Anyone up for a dive trip out to the Tenneco and assorted spots on the way back? My freezer is empty and mama wants shovelnose lobsters for the grill.


----------



## jspooney (Oct 2, 2007)

WhackUmStackUm said:


> FINALLY! The forecast is looking good for Tuesday through Friday. Looks like I may have to play hooky a day or two this week.
> 
> Anyone up for a dive trip out to the Tenneco and assorted spots on the way back? My freezer is empty and mama wants shovelnose lobsters for the grill.

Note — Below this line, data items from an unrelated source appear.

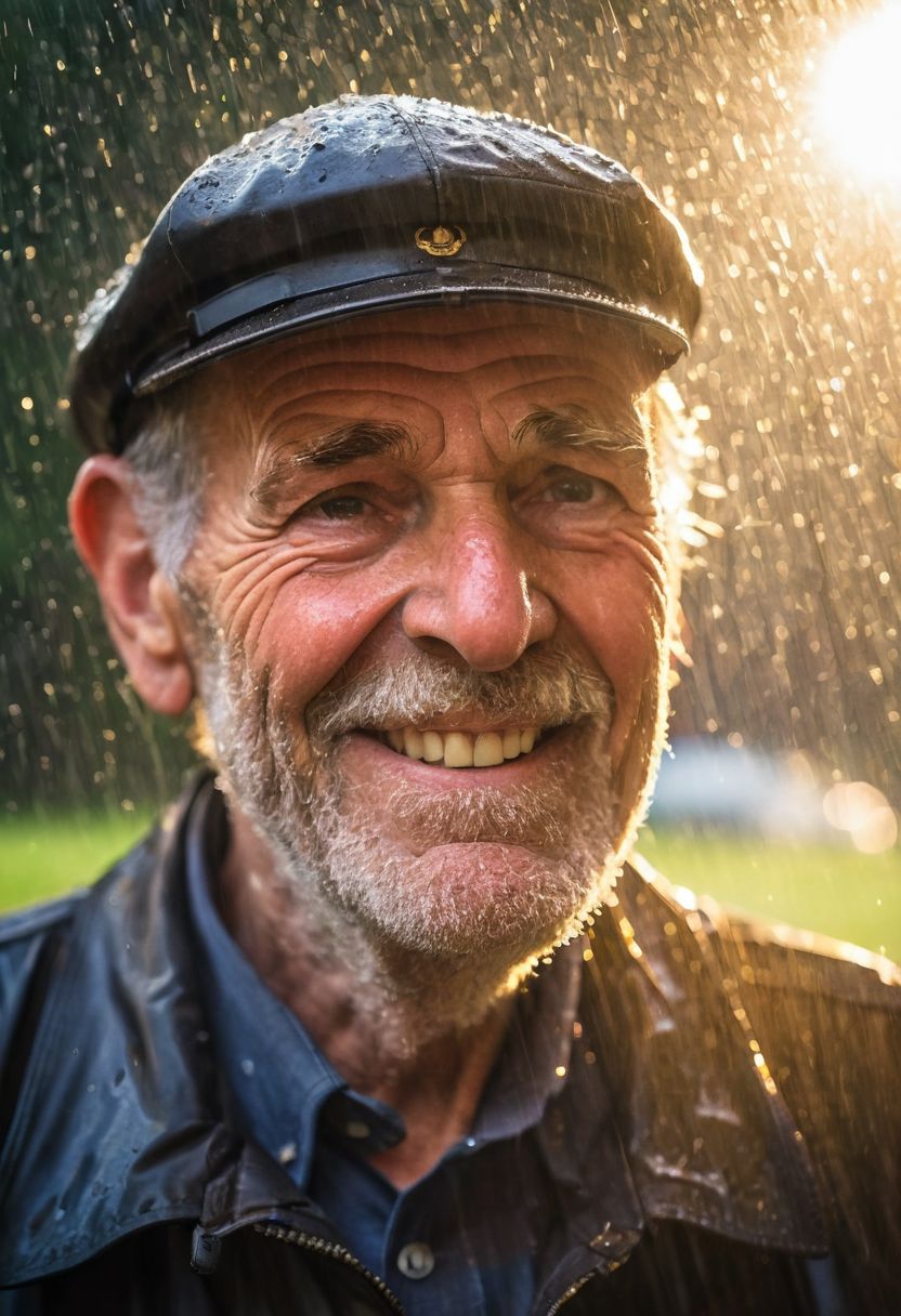 candid portrait of an old postman in heavy rain smiling at the viewer, golden time, backlit, sun flare
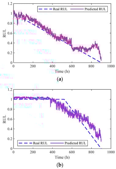 RUL prediction results of the two methods: (a) Method 2; (b) Method 3.
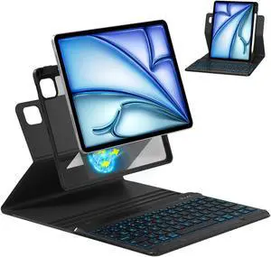 QYiiD New iPad Pro 13 Inch (2024) Case with Keyboard, Magnetic Keyboard with Multi-Touch Trackpad, Backlit Magnetic Wireless Keyboard Case with Easy-Set Magnetic Portrait/Landscape Stand, Black
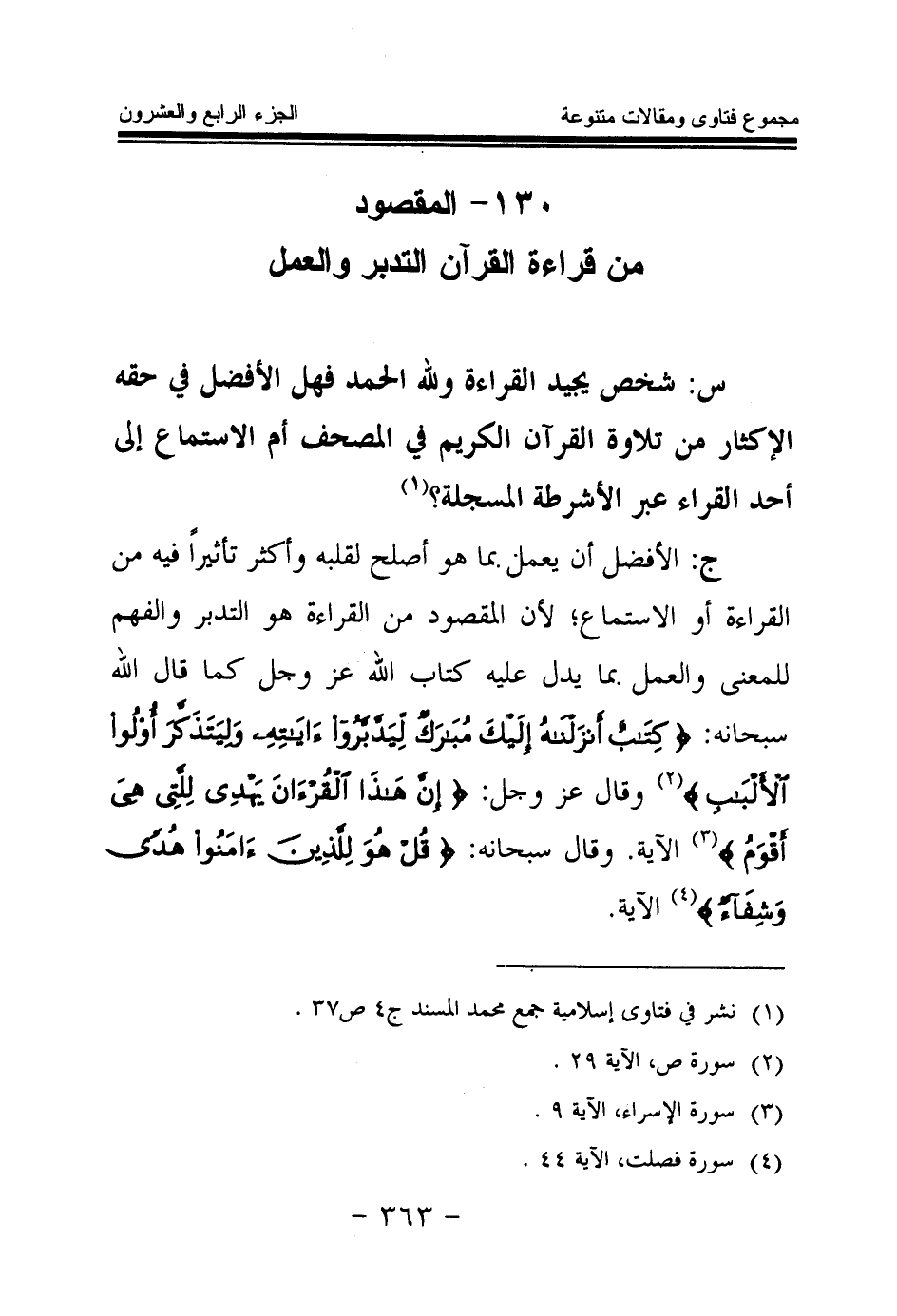 ج: الأفضل أن يعمل بما هو أصلح لقلبه وأكثر تأثيرا فيه من القراءة أو الاستماع؛ لأن المقصود من القراءة هو التدبر والفهم للمعنى والعمل بما يدل عليه كتاب الله عز وجل كما قال الله سبحانه: {كِتَابٌ أَنْزَلْنَاهُ إِلَيْكَ مُبَارَكٌ لِيَدَّبَّرُوا آيَاتِهِ وَلِيَتَذَكَّرَ أُولُو الْأَلْبَابِ} (¬2) وقال عز وجل: {إِنَّ هَذَا الْقُرْآنَ يَهْدِي لِلَّتِي هِيَ أَقْوَمُ} (¬3) الآية. وقال سبحانه: {قُلْ هُوَ لِلَّذِينَ آمَنُوا هُدًى وَشِفَاءٌ} (¬4) الآية.
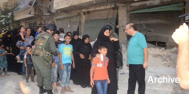 Alep/ Des dizaines de familles sont sorties aujourd’hui des quartiers est de la ville d’Alep, tandis que de nombreux hommes armés se sont rendus avec leurs armes pour régulariser leur situation en vertu du décret d’amnistie générale N°15 de l’année 2016.
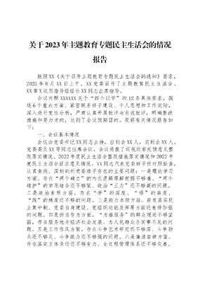 关于2023年主题教育专题民主生活会的情况报告.docx
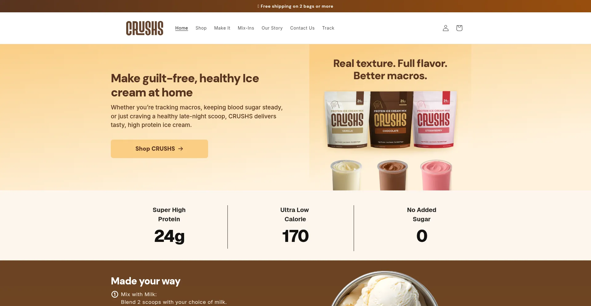 CRUSHS is a natural, high-protein, low calorie, low sugar ice cream mix you make at home. All clean ingredients. Creamy, tasty flavor. Just blend, freeze, and enjoy a healthy, m...
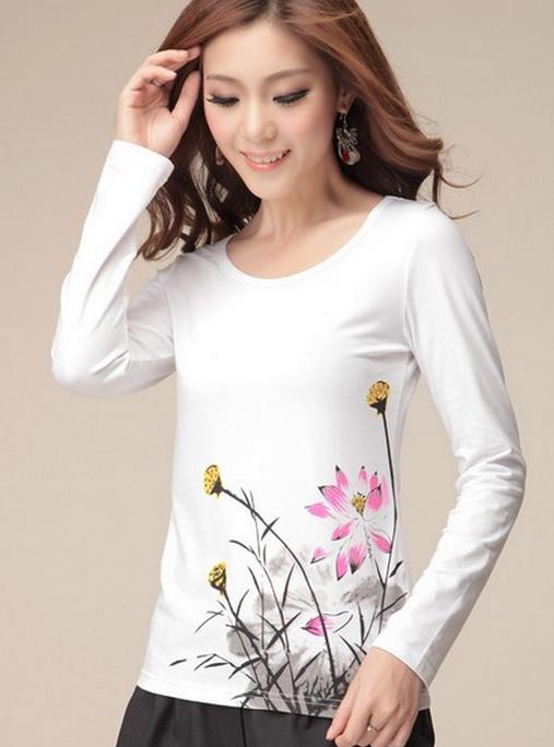 打底衫就是以简洁大方为主,因此白色款更加百搭,采用纯棉质地制作,纯白的打底衫既舒适,又容易与外套组合。如山水画一般的印花,片片荷花粉的娇艳,色彩或浓或淡,文艺气质凸显。
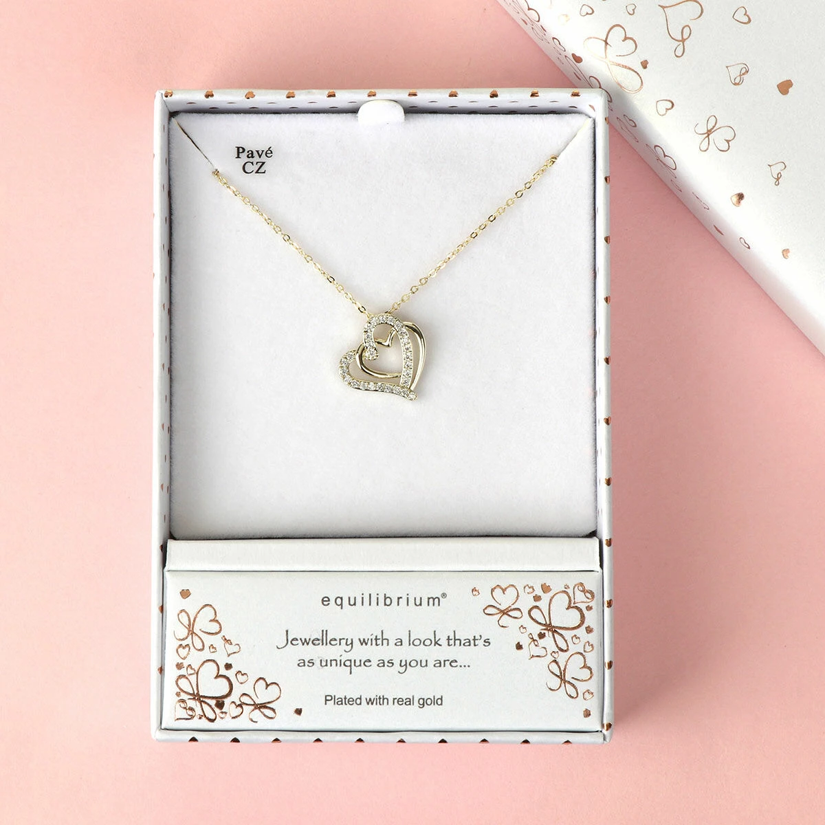 The gold-plated hearts necklace comes presented in an Equilibrium gift box with the words ‘Jewellery with a look that’s as unique as you are…’. A gorgeous accessory to give as a gift for a friend or relative, great for a birthday, Christmas or just to show someone you care!
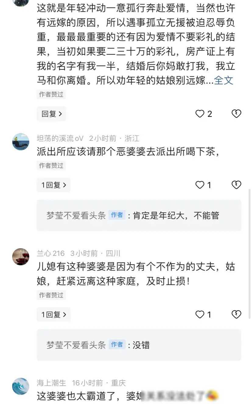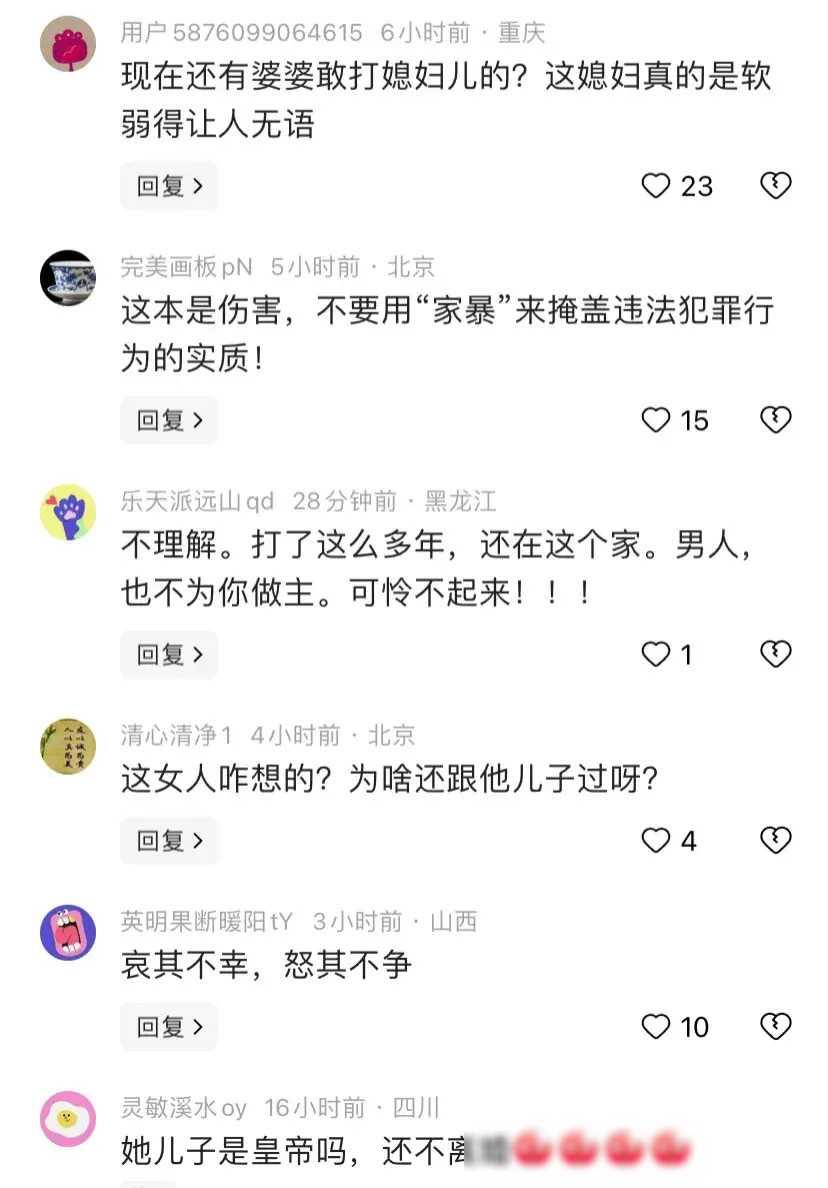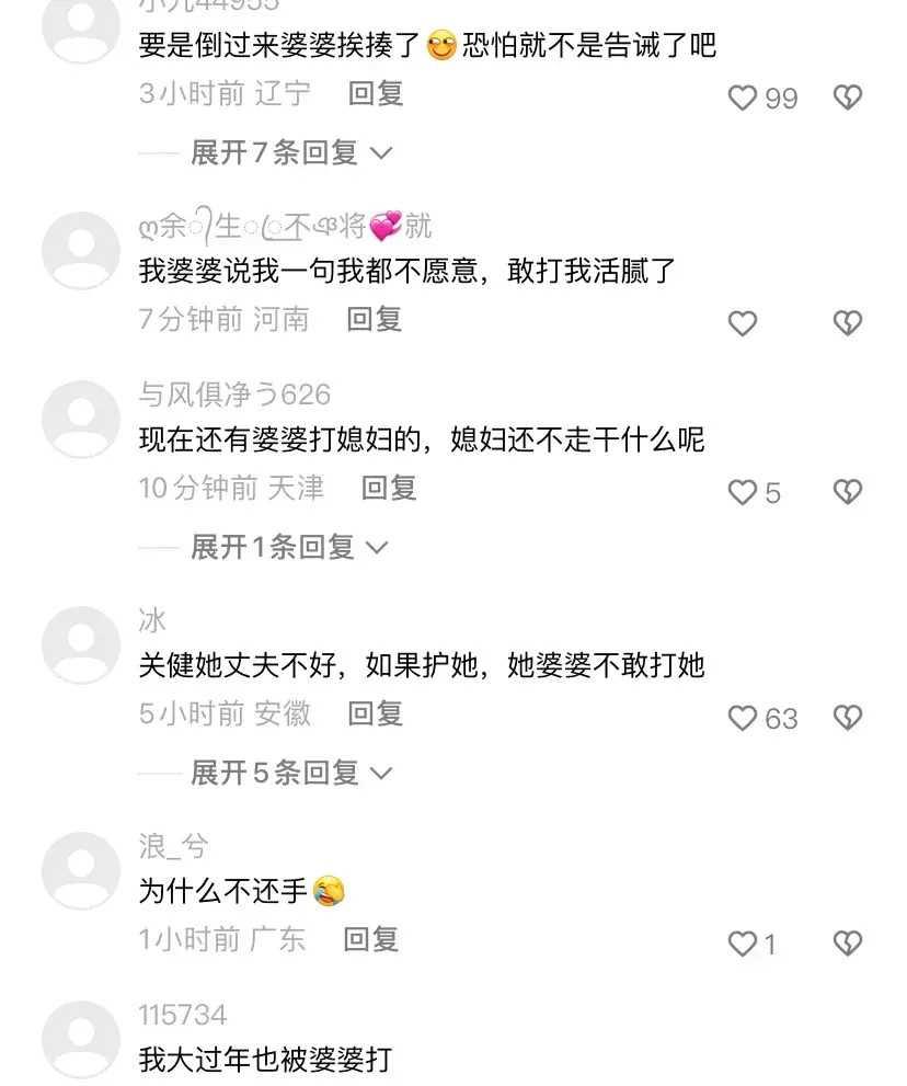 这消息简直像是从天而降的霹雳,引起了广泛的关注和热议。网友们纷纷表示震惊和愤怒,同时也感叹婆媳关系的复杂性和脆弱性。有人评论说,这种家庭暴力问题并不罕见,但真相往往被掩盖在表象之下,直到有人勇敢站出来揭露。
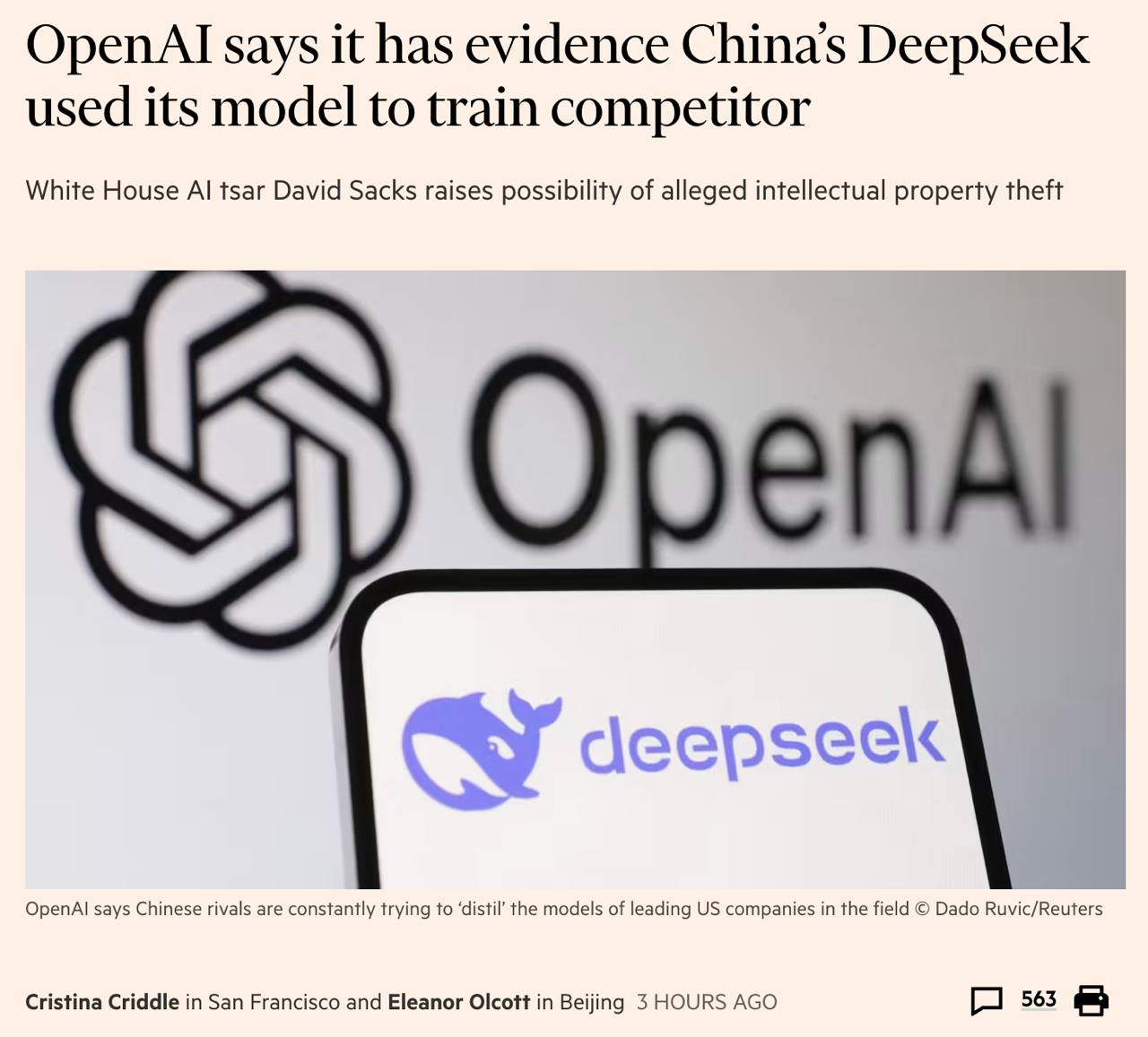 OpenAI обвиняет китайскую компанию DeepSeek в краже данных с помощью технологии "дистилляции"
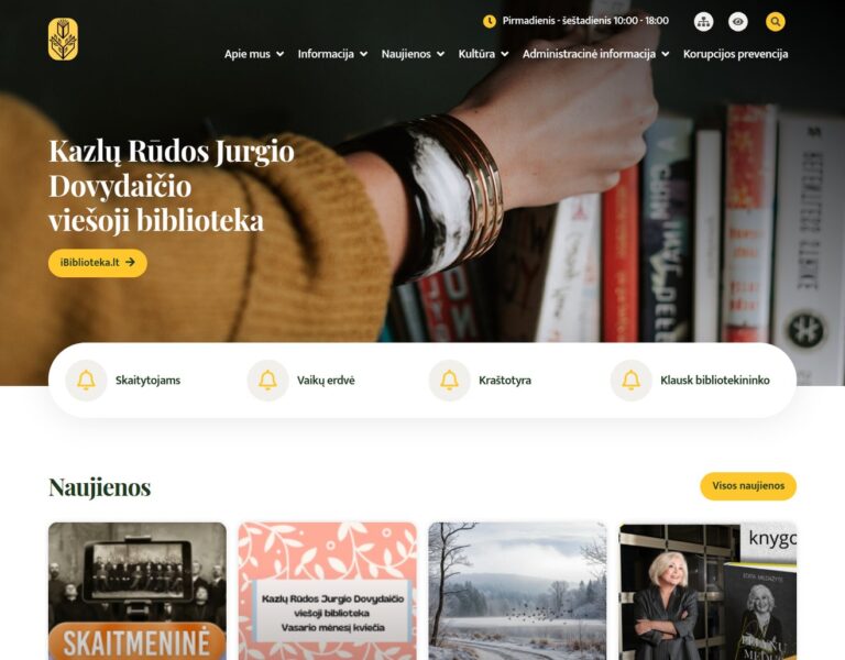 We designed and developed a modern website for Kazlų Rūda Public Library to make its services, events and resources easier to access online. The project supports the library’s role as a cultural and educational centre by giving residents a clear, inclusive digital experience.
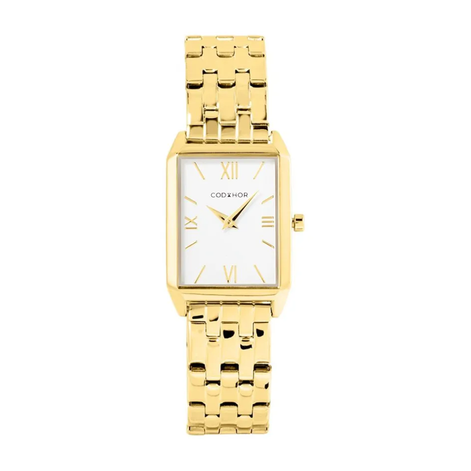 Montre Codhor Arianne Alliage Doré Rectangulaire Quartz 24x36mm Fond Blanc Bracelet Acier Doré P100966-b
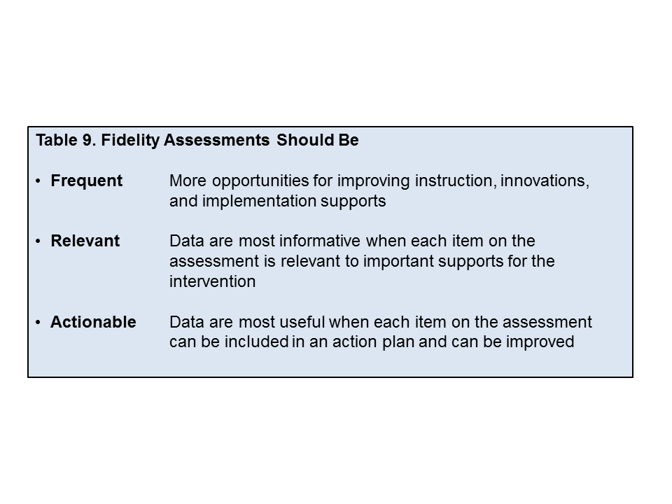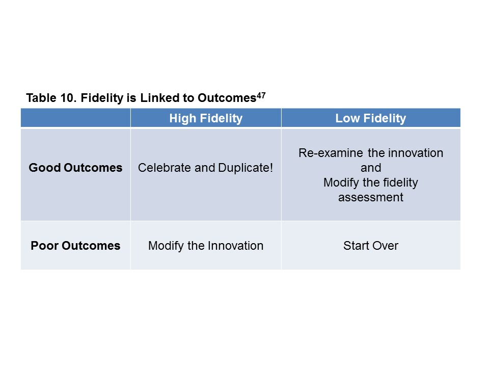 From an implementation point of view, any innovation (evidence-based or otherwise) is incomplete without a good measure of fidelity to detect the presence and strength of the innovation in practice.47 Fidelity assessment measures the strength of the innovation and enables improvement in the implementation plan and process, with the goal of program sustainability.
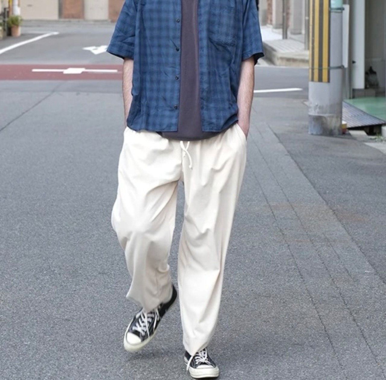 同素材展開の半袖カットソーと合わせてリラックス感のあるセットアップとしても着用可能です。

Let me know when. I would be up for doing some dives this week.


----------



## coolbluestreak (Jun 27, 2011)

Well, it gives me a little time to stack up the piggy bank so I have mixed feelings.


----------



## WhackUmStackUm (Jan 31, 2010)

If all goes as planned, a group of four of us will head out on Thursday. Looking forward to meeting jspooney!


----------



## coolbluestreak (Jun 27, 2011)

WhackUmStackUm said:


> If all goes as planned, a group of four of us will head out on Thursday. Looking forward to meeting jspooney!


Jeff is a real nice guy. 
Oh yeah, get some "real jobs" so I can go diving with you guys!


----------



## jspooney (Oct 2, 2007)

Awe dang...you gave away my real name. I told him my name was Susan...haven't heard back from him yet so maybe I had him going. Bryan, we are ready to roll. Got full tanks today and my gear is piled up. Never been to the Tenneco and I'm really excited after seeing your vids. Even more excited about shooting a reef donkey.


----------



## jspooney (Oct 2, 2007)

coolbluestreak said:


> Jeff is a real nice guy.
> Oh yeah, get some "real jobs" so I can go diving with you guys!


You know you always have a spot with me. But my real job usually happens a lot on the weekends. Lets do a quickie afternoon dive sometime.


----------



## FishEyeMaps (Aug 22, 2012)

jspooney said:


> Awe dang...you gave away my real name. I told him my name was Susan...haven't heard back from him yet so maybe I had him going.


Dude! That's not right. :no:


----------